Flaws in top password managers can expose the very data they are supposed to protect, a study by researchers at Independent Security Evaluators (ISE) researchers found.
“100 percent of the products that ISE analyzed failed to provide the security to safeguard a user’s passwords as advertised,” ISE CEO Stephen Bono said in a release announcing the findings of “Under the Hood of Secrets Management. “Although password managers provide some utility for storing login/passwords and limit password reuse, these applications are a vulnerable target for the mass collection of this data through malicious hacking campaigns.”
Assessing the underlying functionality of 1Password, Dashlane, KeePass and LastPass on Windows 10, researchers discovered that in some cases, the master password could be found in plaintext in the computer’s memory when the password manager was locked and that they could extract the master password using standard memory forensics.
“Given the huge user base of people already using password managers, these vulnerabilities will entice hackers to target and steal data from these computers via malware attacks,” ISE Lead Researcher, Adrian Bednare said, noting that once hackers get their hands on the master password, “it’s game over.”

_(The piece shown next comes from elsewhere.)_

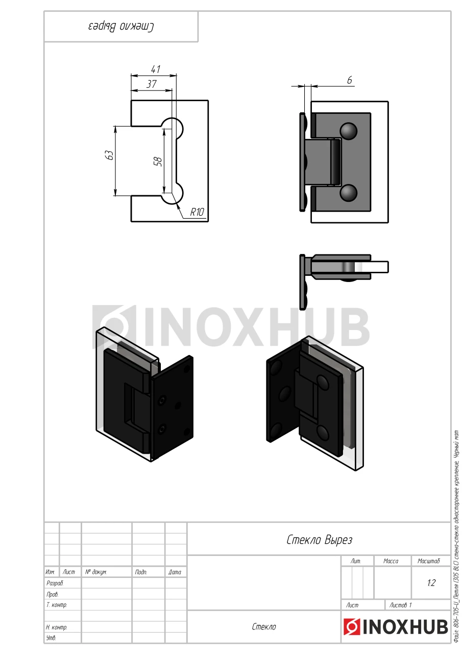 Петля стена-стекло без фаски изготовлена из нержавеющей стали AISI 304. Изделие обладает высокой механической прочностью, устойчивостью к коррозии, температурным перепадам, моющим средствам. Матовое черное покрытие на металле не стирается со временем, устойчиво к воздействию влаги, обладает антикоррозийными свойствами.

Sandor Palfy, LastPassCTO, said in a statement sent to SC Media that the “particular vulnerability, in LastPass for Applications, the company’s “legacy, local Windows Application (which accounts for less than .2 percent of all LastPass usage) was brought to our attention by researchers through our Bug Bounty Program.”
He explained that to be able to “read the memory of an application, an attacker would need to have local access and admin privileges to the compromised computer.” The company has“already implemented changes to LastPass for Applications designed to mitigate and minimize the risk of the potential attack detailed in this report,” said Palfy. “To mitigate risk of compromise while LastPass for Applications is in a locked state, LastPass for Applications will now shut down the application when the user logs out, clearing the memory and not leaving anything behind.”
He said there’s no indication that sensitive LastPass user data was compromised. “As always, delivering a secure service for our users remains our top priority and we will continue to work with the security community to respond and fix potential vulnerability reports as quickly as possible,” said Palfy.